Les Halles » Communication » Référencement local Google My Business : optimiser la fiche de son entreprise pour le pack Maps

Référencement local Google My Business : optimiser la fiche de son entreprise pour le pack Maps

Tapez le nom de votre métier suivi de votre ville sur Google. Si votre entreprise n’apparaît pas dans le bloc des trois fiches géolocalisées qui s’affichent juste sous la barre de recherche, vous laissez chaque jour des clients aux concurrents. Ce bloc, c’est le pack local. Et la porte d’entrée pour y figurer s’appelle Google My Business, rebaptisé Google Business Profile depuis novembre 2021.

Le référencement local Google My Business repose sur une logique simple : Google veut afficher le commerce qui correspond exactement à la requête tapée par un internaute géolocalisé. Pour ça, l’algorithme combine la pertinence de la fiche, la distance et la notoriété locale. Une fiche bien remplie et entretenue récolte 7 fois plus de clics qu’une fiche incomplète, selon Google. Et 46 % des requêtes du moteur ont aujourd’hui une intention locale (donnée BrightLocal). Autant dire que ne pas s’en occuper revient à laisser de l’argent sur la table.

Ce guide reprend les leviers concrets : création, catégories, description, photos, avis, posts, citations NAP. Avec les manipulations exactes, les pièges à éviter et ce qui change vraiment dans Google Maps.

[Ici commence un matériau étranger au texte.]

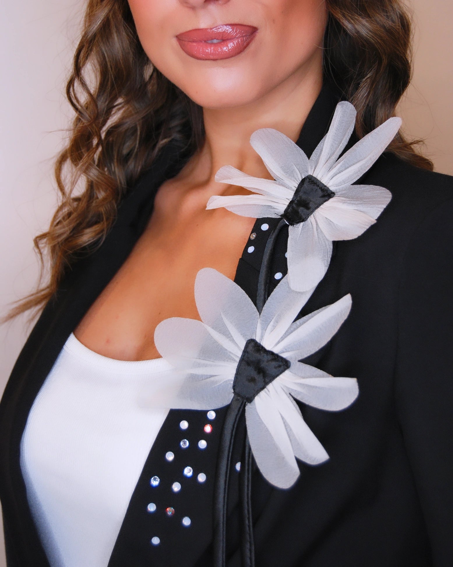 Doppiopetto,arricchita da fiori e cristalli, foderata . Curata nei dettagli,per uno stile che incanta!
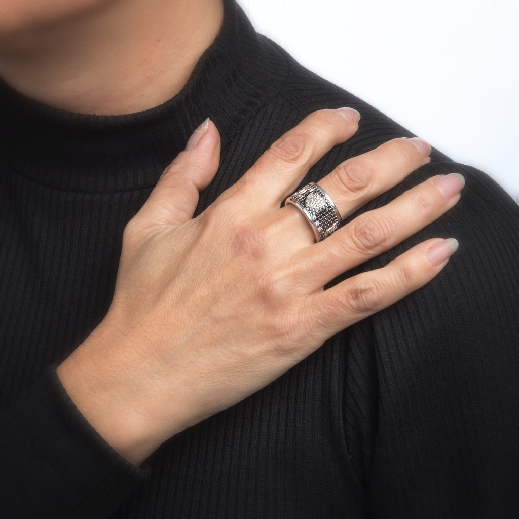 Black and white diamonds total an estimated 1.30 carats (the black diamonds total an estimated 1.20 carats and the white diamonds total an estimated 0.30 carats - estimated at H color and SI1 clarity).
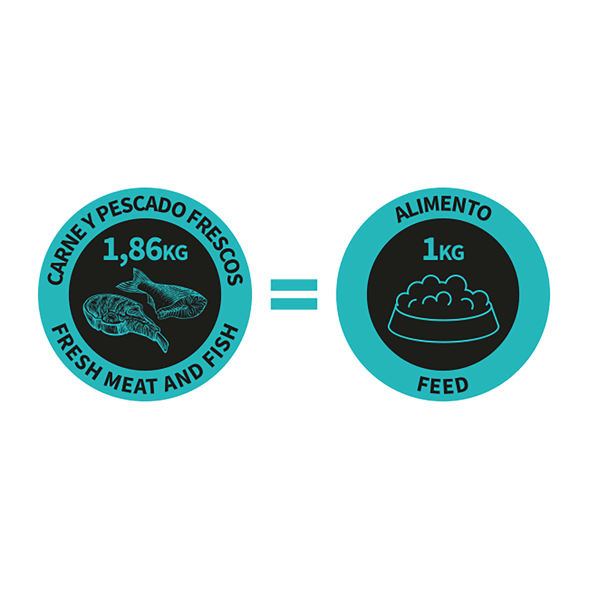 Composición: 55% pescado fresco (alacha (Sardinella aurita), caballa (Scomber scombrus), jurel (Trachurus spp.), sardina (Sardina pilchardus)), 20% pollo fresco, almidón hidrolizado, tocoferoles de aceites vegetales, extracto de romero, huevo deshidratado, aceite esencial de orégano, tomillo, clavo, romero, canela Ceylán. ADITIVOS/kg: Vitamina A (3a672a): 22.726 UI, vitamina D3 (3a671): 1.450 UI, vitamina E (3a700): 454 UI, zinc (3b603): 100 mg, hierro (3b103): 72 mg, manganeso (3b503): 36 mg, cobre (3b405): 7,2 mg, yodo (3b201): 1,27 mg.
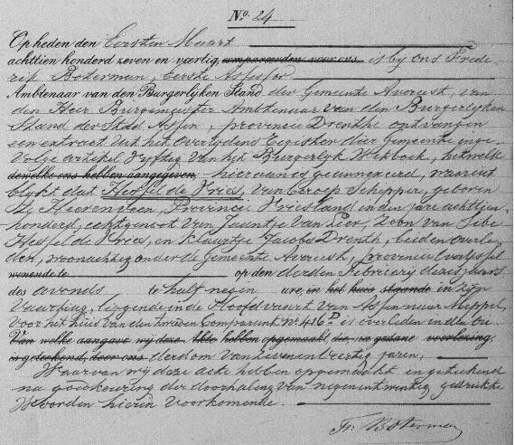 Hessel Siebes de VriesGeslacht: Geboren: 25-12-1799 te Rotsterhaule Gedoopt: 19-01-1800 te Sintjohannesga-Delfstrahuizen † Overleden: 03-02-1847 te Avereest Bijzonderheden:

Pourquoi la fiche Google My Business pèse autant dans le référencement local

Google affiche trois résultats géolocalisés en haut de la page pour la majorité des recherches à intention locale : « boulanger Sables d’Olonne », « garage Lyon 7 », « fleuriste près de chez moi ». C’est le fameux pack local, parfois aussi appelé pack 3 ou map pack. Apparaître dedans, ça multiplie le trafic en magasin.

Selon une étude de Google publiée en 2019, 76 % des personnes qui font une recherche locale sur smartphone visitent un commerce dans les 24 heures. 28 % concrétisent un achat. Le canal n’a rien d’anecdotique.

L’algorithme de classement local croise trois facteurs officiels :

  • La pertinence : à quel point la fiche correspond à la requête tapée
  • La distance : entre la position de l’internaute et l’établissement
  • La notoriété : signaux off-fiche (avis, citations, backlinks, autorité du site web associé)

La distance, on ne la maîtrise pas. Mais la pertinence et la notoriété, oui. Tout le travail de référencement local Google My Business consiste à pousser ces deux curseurs au maximum.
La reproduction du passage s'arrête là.